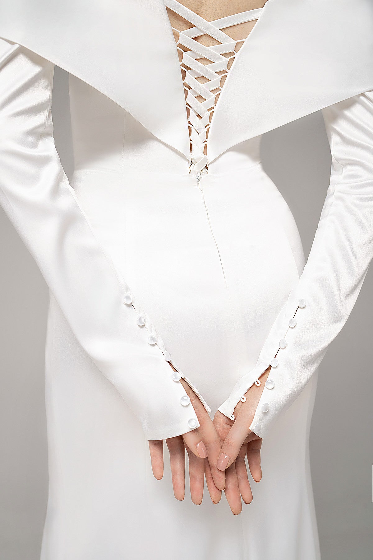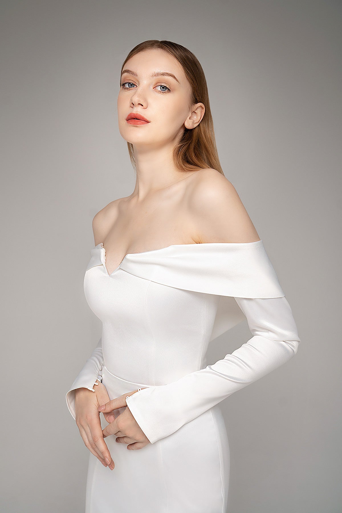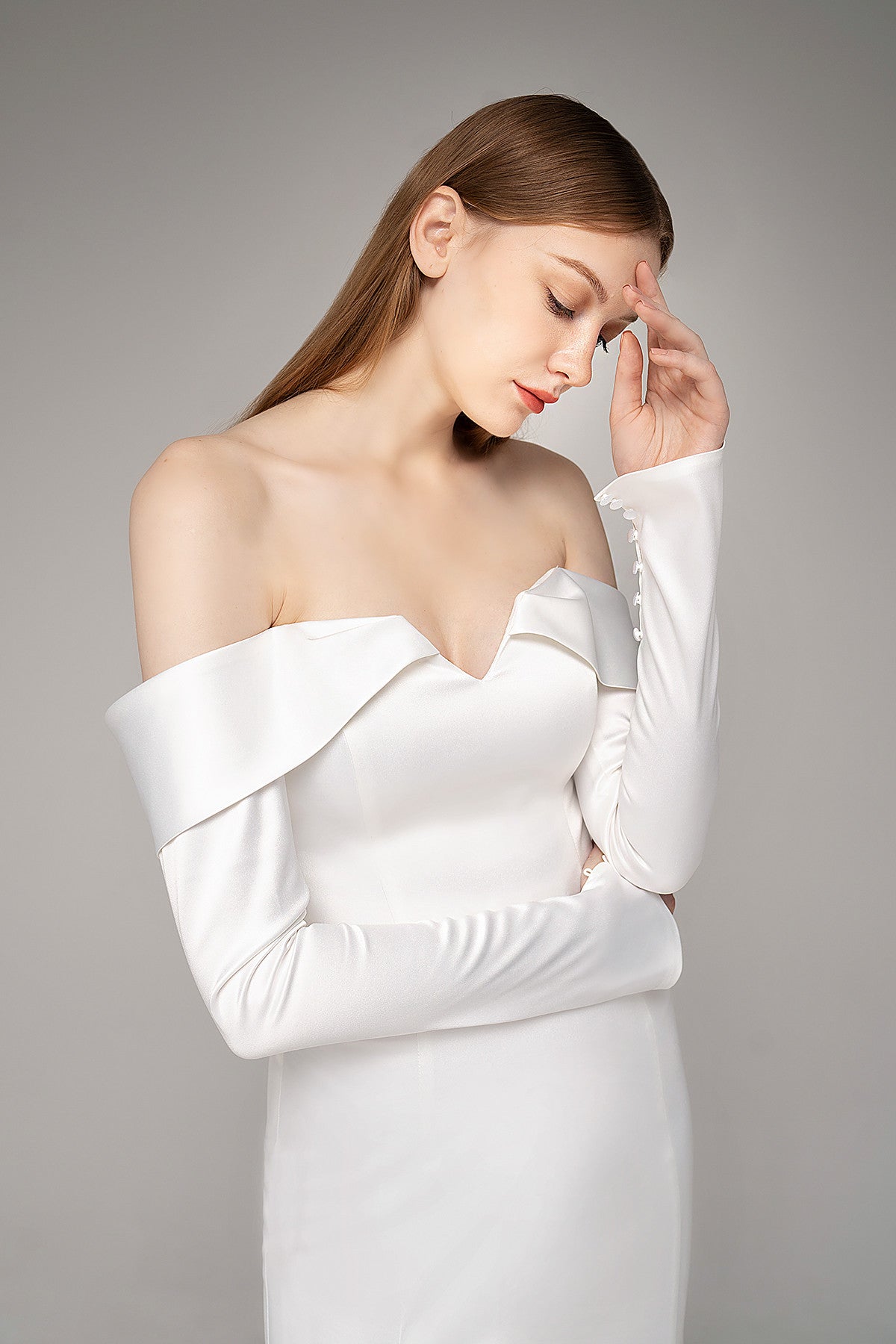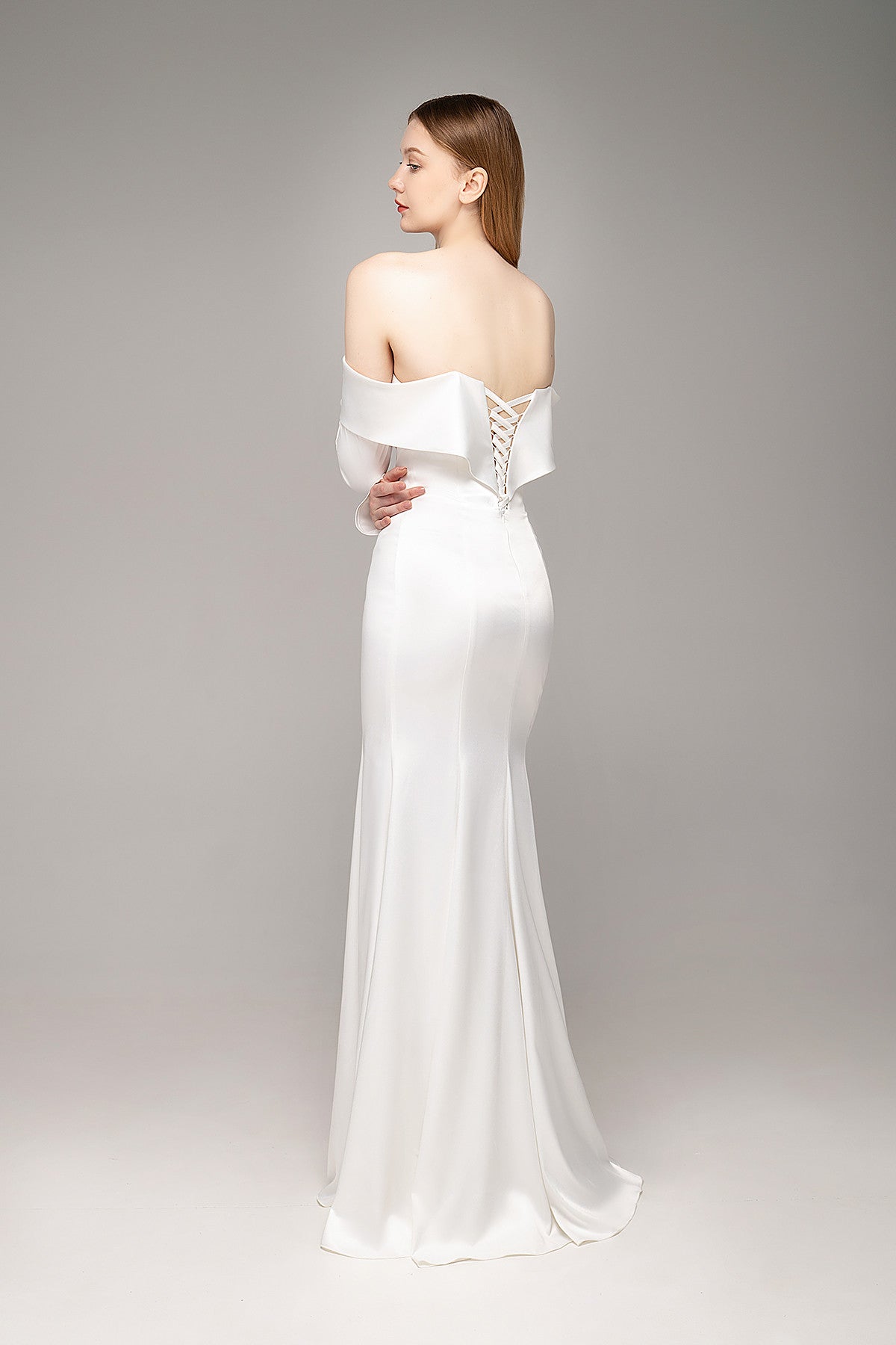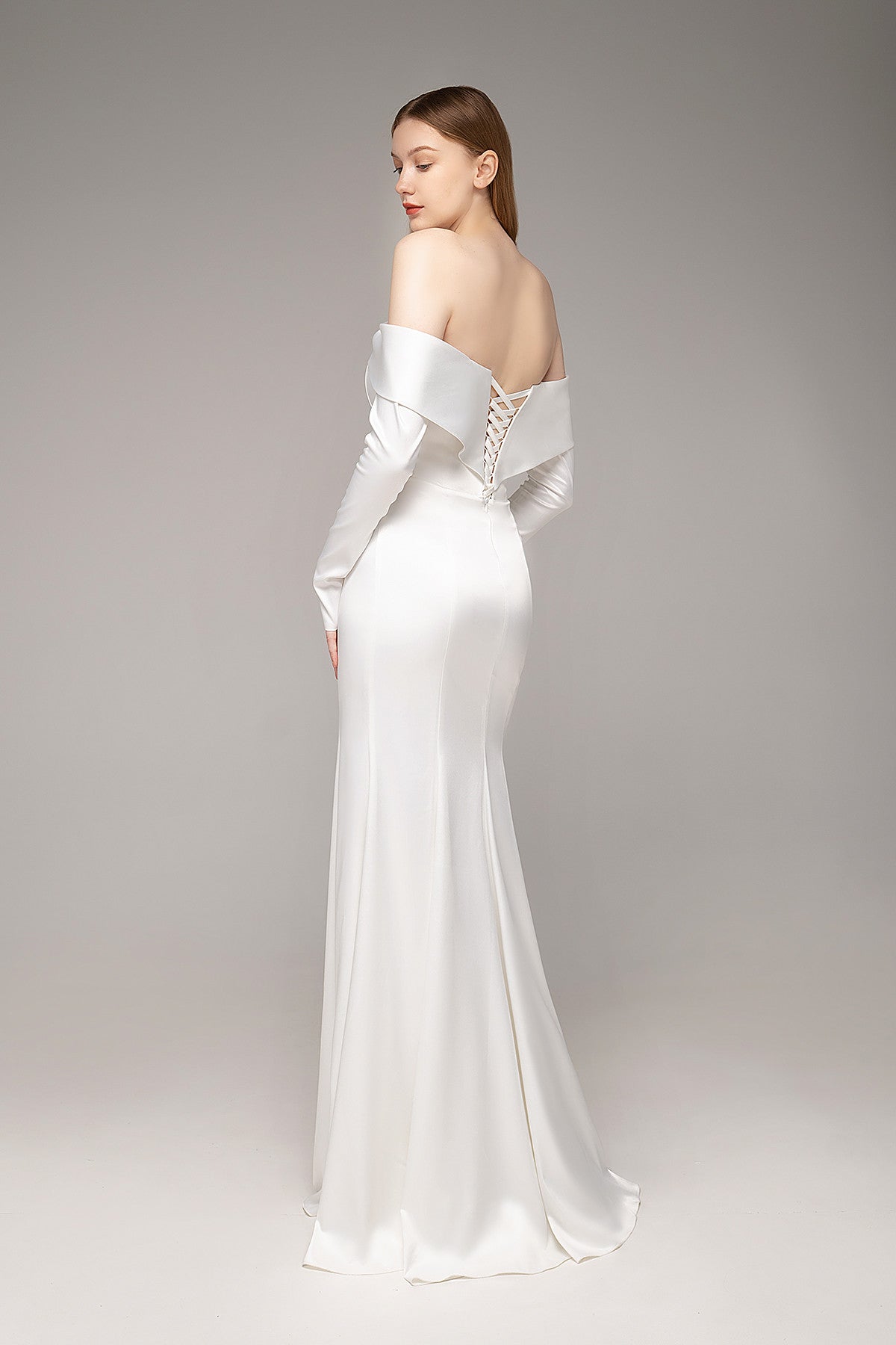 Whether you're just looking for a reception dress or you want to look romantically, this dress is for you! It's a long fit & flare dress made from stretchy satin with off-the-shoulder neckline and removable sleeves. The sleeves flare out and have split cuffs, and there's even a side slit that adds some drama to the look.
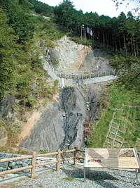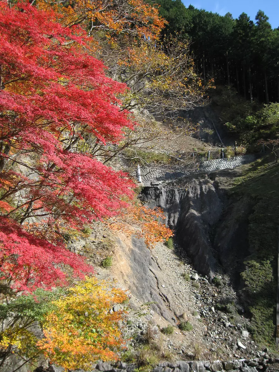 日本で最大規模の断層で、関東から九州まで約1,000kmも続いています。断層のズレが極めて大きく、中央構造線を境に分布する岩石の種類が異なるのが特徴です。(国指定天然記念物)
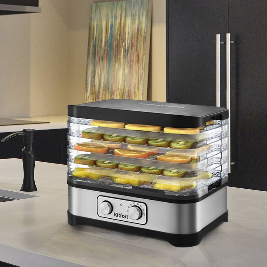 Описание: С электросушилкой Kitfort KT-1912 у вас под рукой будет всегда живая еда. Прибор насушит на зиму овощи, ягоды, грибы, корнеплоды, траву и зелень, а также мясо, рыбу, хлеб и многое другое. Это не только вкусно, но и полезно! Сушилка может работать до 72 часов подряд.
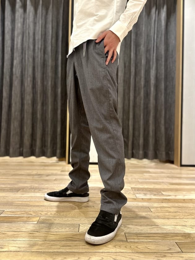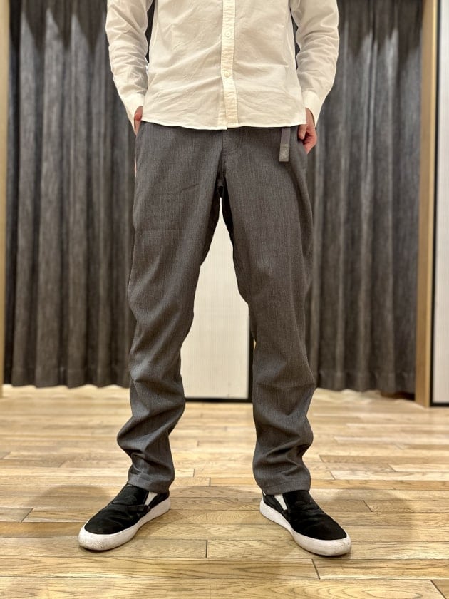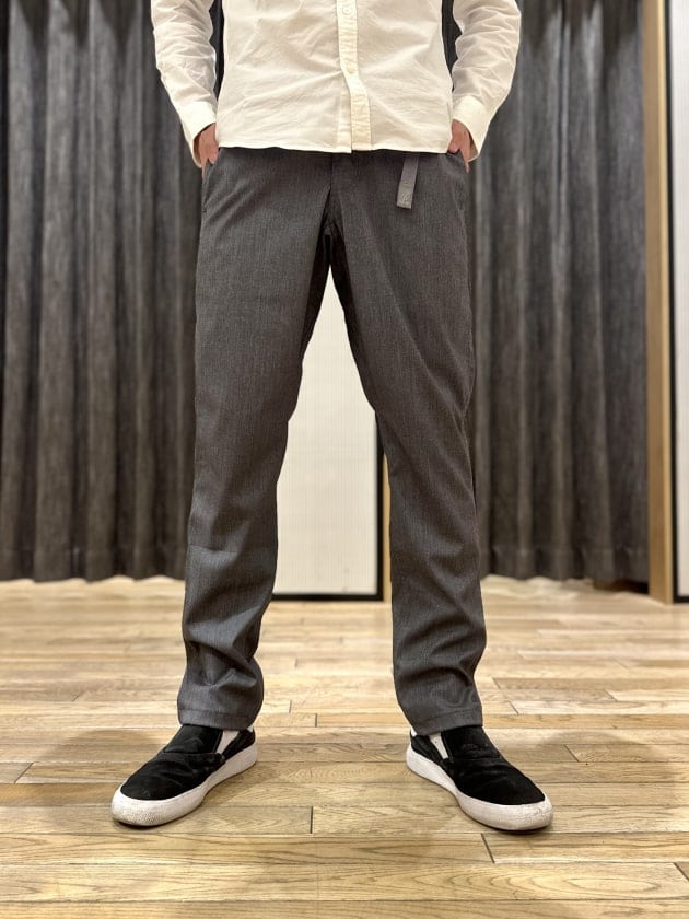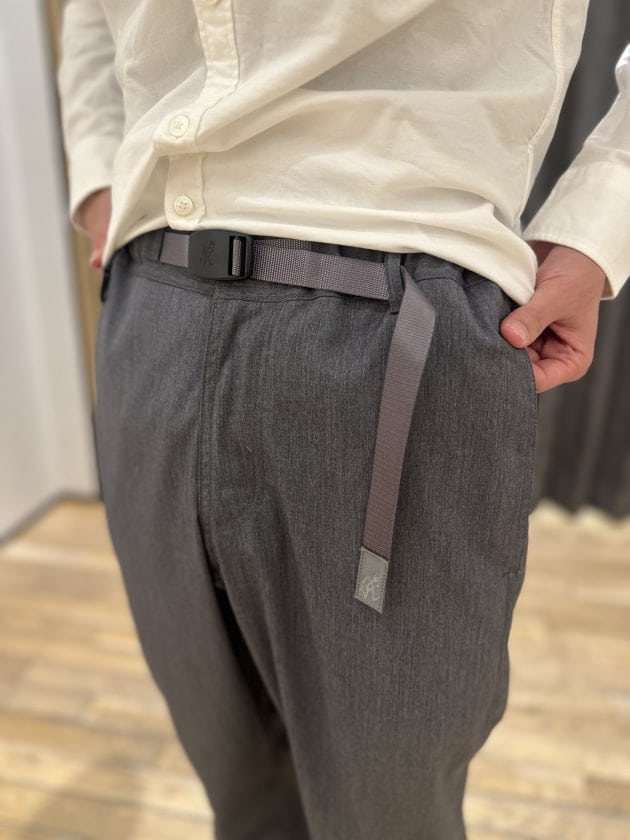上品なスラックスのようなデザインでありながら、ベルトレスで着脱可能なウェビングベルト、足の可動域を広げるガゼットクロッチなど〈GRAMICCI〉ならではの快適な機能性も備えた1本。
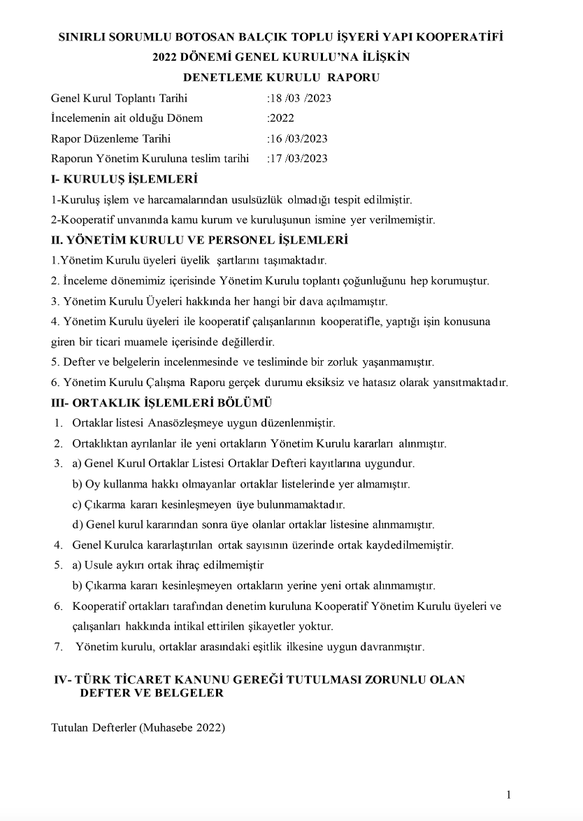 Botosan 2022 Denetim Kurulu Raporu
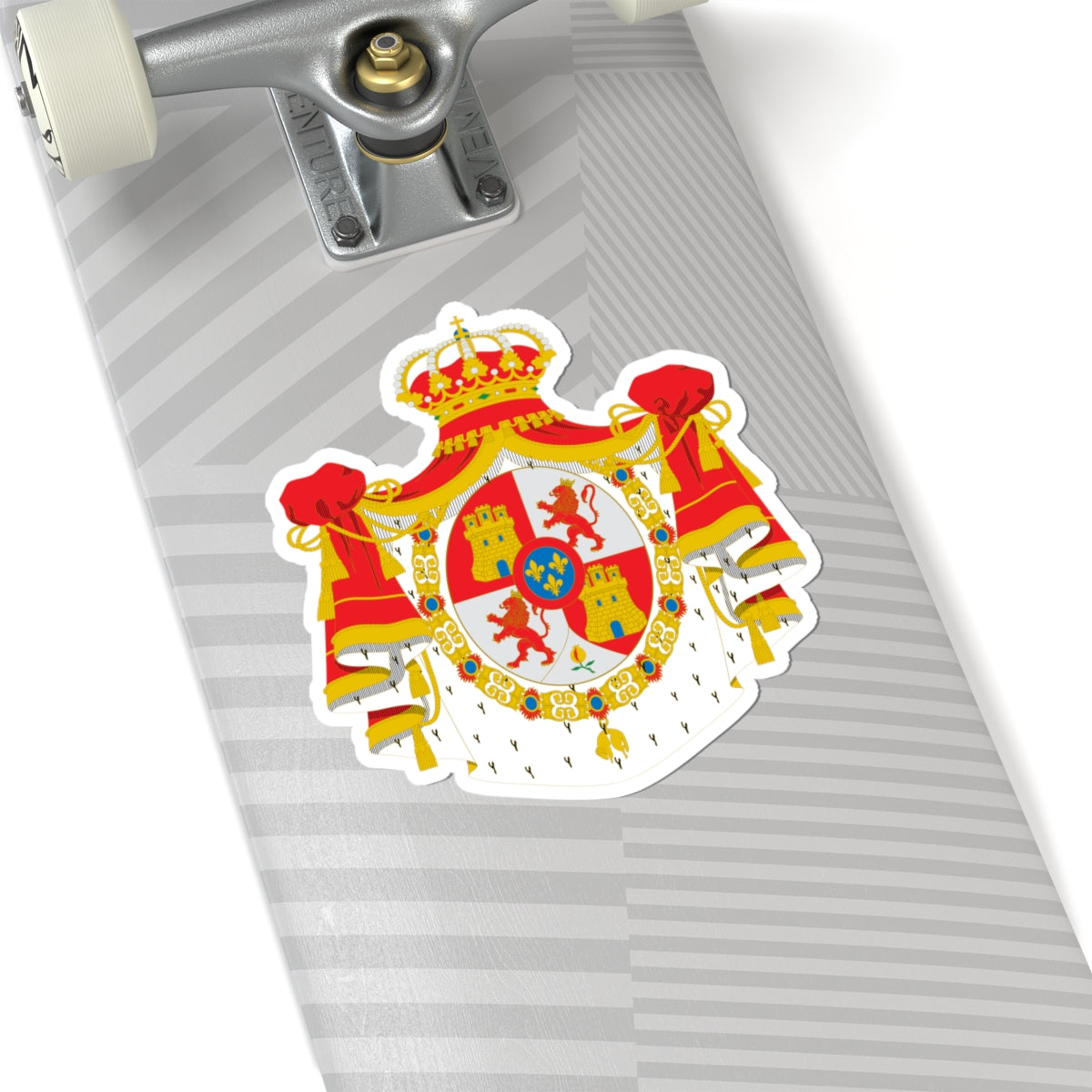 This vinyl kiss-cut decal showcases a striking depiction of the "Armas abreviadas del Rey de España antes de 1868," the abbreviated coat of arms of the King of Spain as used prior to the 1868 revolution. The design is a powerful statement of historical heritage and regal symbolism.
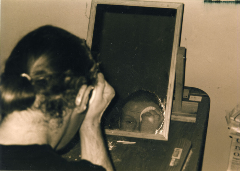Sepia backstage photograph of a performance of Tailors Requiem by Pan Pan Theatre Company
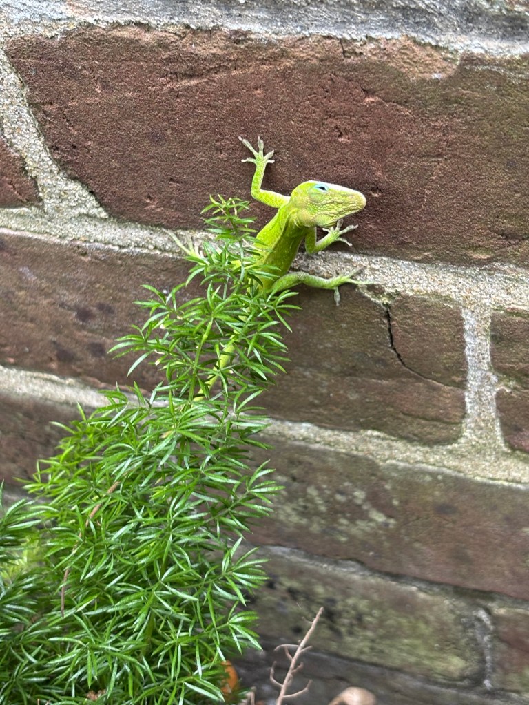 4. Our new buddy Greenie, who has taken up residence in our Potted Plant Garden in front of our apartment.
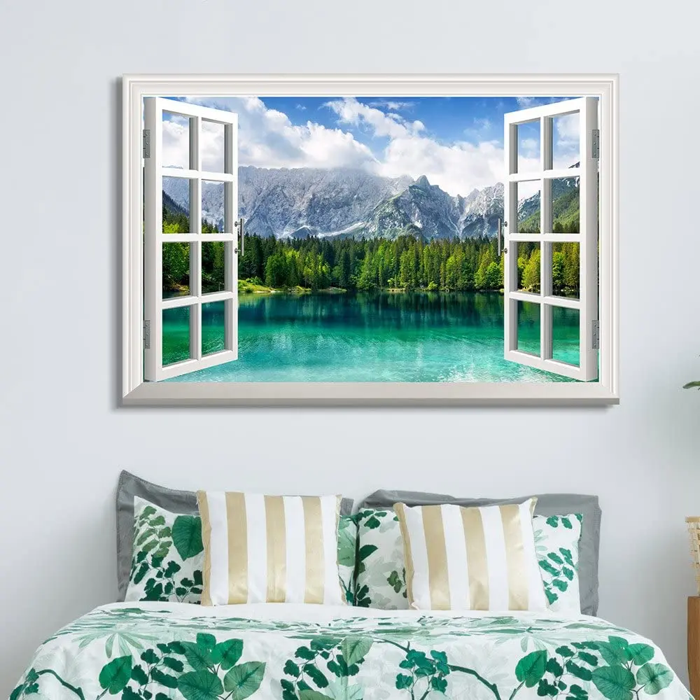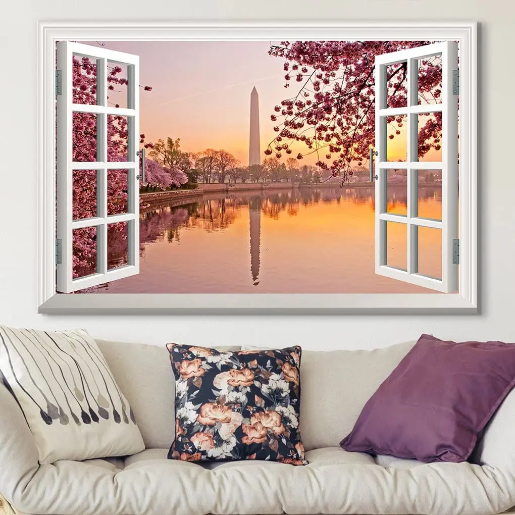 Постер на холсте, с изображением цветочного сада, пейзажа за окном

## Exercise:
Each line from the one that holds "This vinyl kiss-cut" through the end of the entries must be returned exactly, while any pictures stay out.

## Your solution:
 This vinyl kiss-cut decal showcases a striking depiction of the "Armas abreviadas del Rey de España antes de 1868," the abbreviated coat of arms of the King of Spain as used prior to the 1868 revolution. The design is a powerful statement of historical heritage and regal symbolism.
Sepia backstage photograph of a performance of Tailors Requiem by Pan Pan Theatre Company
 4. Our new buddy Greenie, who has taken up residence in our Potted Plant Garden in front of our apartment.
 Постер на холсте, с изображением цветочного сада, пейзажа за окном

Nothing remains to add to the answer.